• Information provided:

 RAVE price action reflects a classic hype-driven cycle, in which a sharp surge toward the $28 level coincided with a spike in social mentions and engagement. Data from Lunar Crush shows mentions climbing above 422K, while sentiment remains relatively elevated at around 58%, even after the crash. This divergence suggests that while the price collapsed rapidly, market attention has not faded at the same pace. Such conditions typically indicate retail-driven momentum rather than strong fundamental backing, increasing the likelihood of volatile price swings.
---
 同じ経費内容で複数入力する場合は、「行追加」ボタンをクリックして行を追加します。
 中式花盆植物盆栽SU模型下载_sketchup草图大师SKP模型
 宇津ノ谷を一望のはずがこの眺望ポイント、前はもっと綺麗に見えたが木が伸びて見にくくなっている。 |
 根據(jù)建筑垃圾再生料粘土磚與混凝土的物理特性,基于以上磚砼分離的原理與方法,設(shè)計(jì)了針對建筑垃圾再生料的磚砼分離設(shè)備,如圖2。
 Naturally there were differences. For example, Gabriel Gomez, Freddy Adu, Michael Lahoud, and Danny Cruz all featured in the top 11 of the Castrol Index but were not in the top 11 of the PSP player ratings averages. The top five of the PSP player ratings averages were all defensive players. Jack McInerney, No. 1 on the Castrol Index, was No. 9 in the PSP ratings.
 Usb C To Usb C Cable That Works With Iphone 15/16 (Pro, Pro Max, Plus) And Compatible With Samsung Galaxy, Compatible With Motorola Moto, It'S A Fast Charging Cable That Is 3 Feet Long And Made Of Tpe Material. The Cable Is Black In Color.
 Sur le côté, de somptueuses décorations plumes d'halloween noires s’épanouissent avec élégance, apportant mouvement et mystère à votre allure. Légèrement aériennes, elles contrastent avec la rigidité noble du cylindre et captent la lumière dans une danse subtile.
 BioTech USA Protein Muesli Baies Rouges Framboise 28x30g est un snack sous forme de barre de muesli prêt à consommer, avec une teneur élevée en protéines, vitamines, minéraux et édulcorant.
...
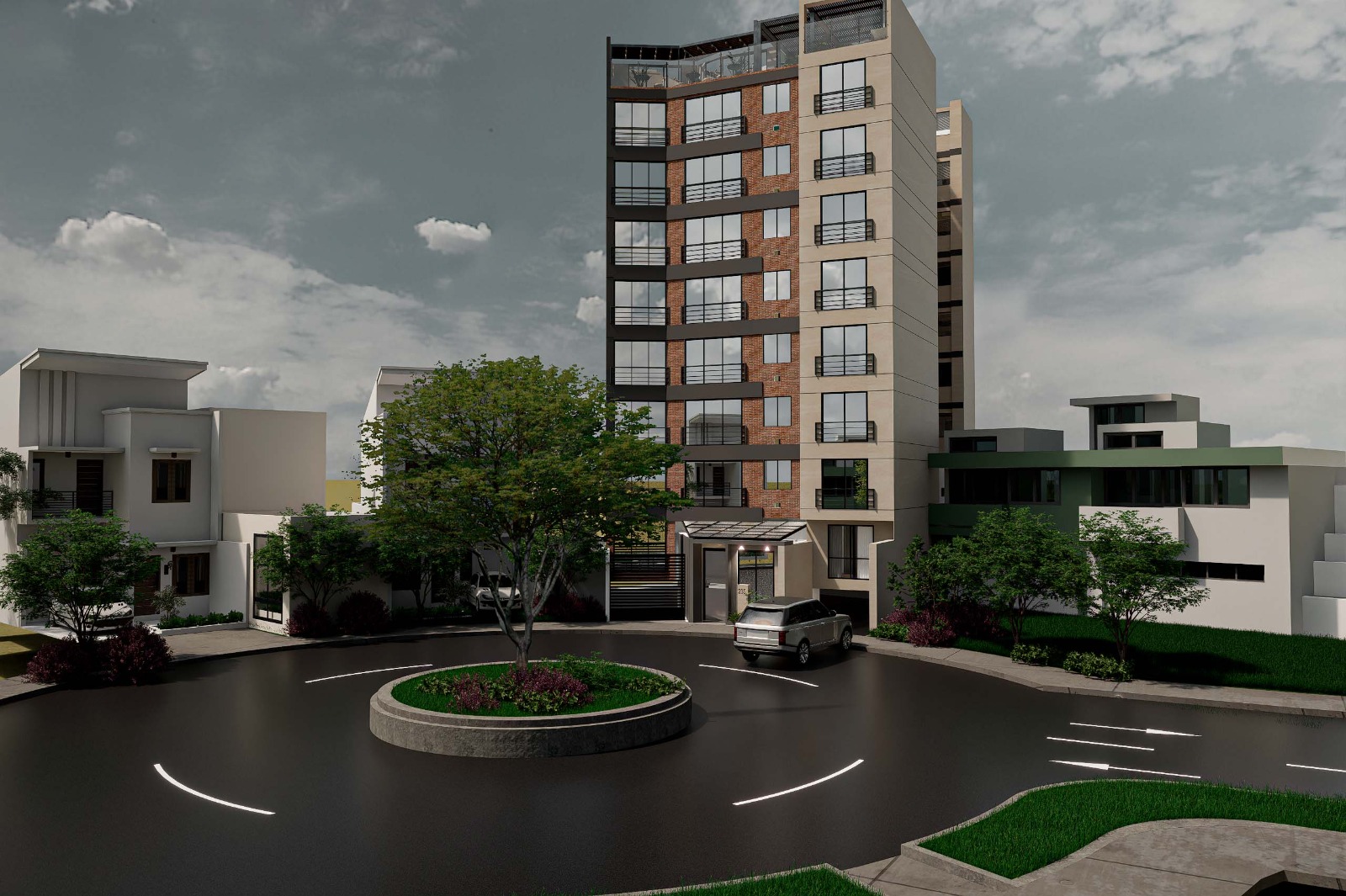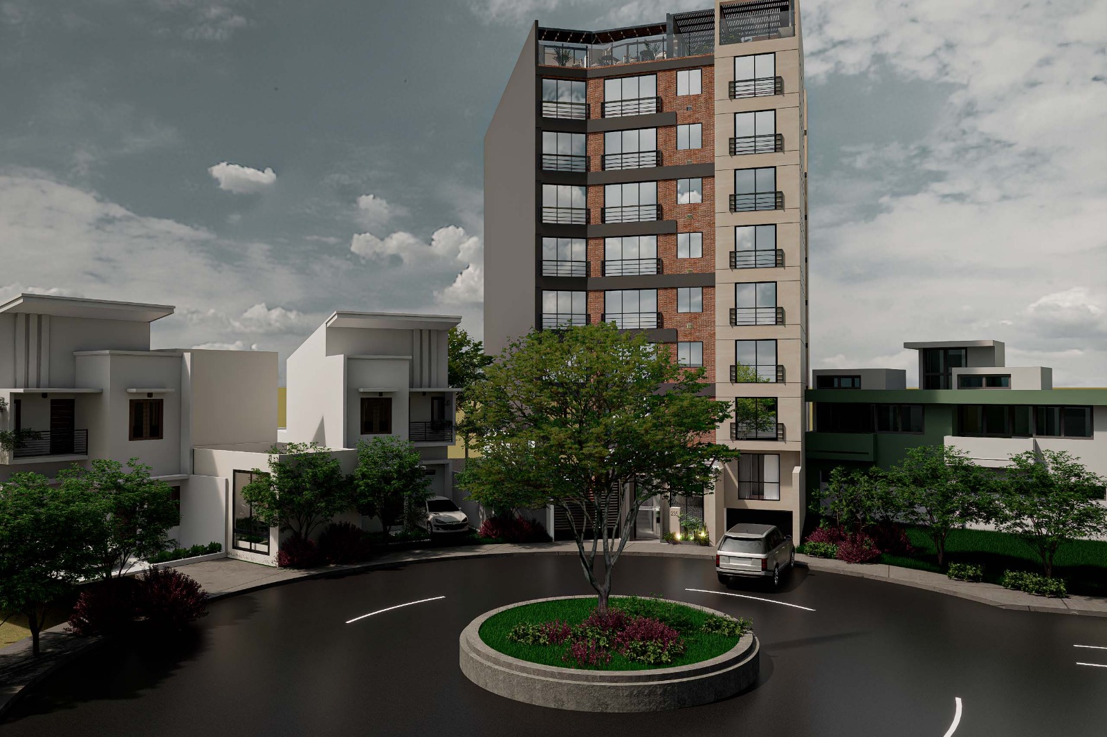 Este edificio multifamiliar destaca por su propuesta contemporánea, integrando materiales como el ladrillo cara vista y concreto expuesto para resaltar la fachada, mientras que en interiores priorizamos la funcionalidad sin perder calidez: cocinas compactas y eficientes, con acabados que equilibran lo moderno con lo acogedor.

• Aim of the exercise: The expected output is exactly the lines of the listing above between the line holding "同じ経費内容で複数入力する場" and the line holding "根據(jù)建筑垃圾再生料粘", inclusive.

• Task answer:
 同じ経費内容で複数入力する場合は、「行追加」ボタンをクリックして行を追加します。
 中式花盆植物盆栽SU模型下载_sketchup草图大师SKP模型
 宇津ノ谷を一望のはずがこの眺望ポイント、前はもっと綺麗に見えたが木が伸びて見にくくなっている。 |
 根據(jù)建筑垃圾再生料粘土磚與混凝土的物理特性,基于以上磚砼分離的原理與方法,設(shè)計(jì)了針對建筑垃圾再生料的磚砼分離設(shè)備,如圖2。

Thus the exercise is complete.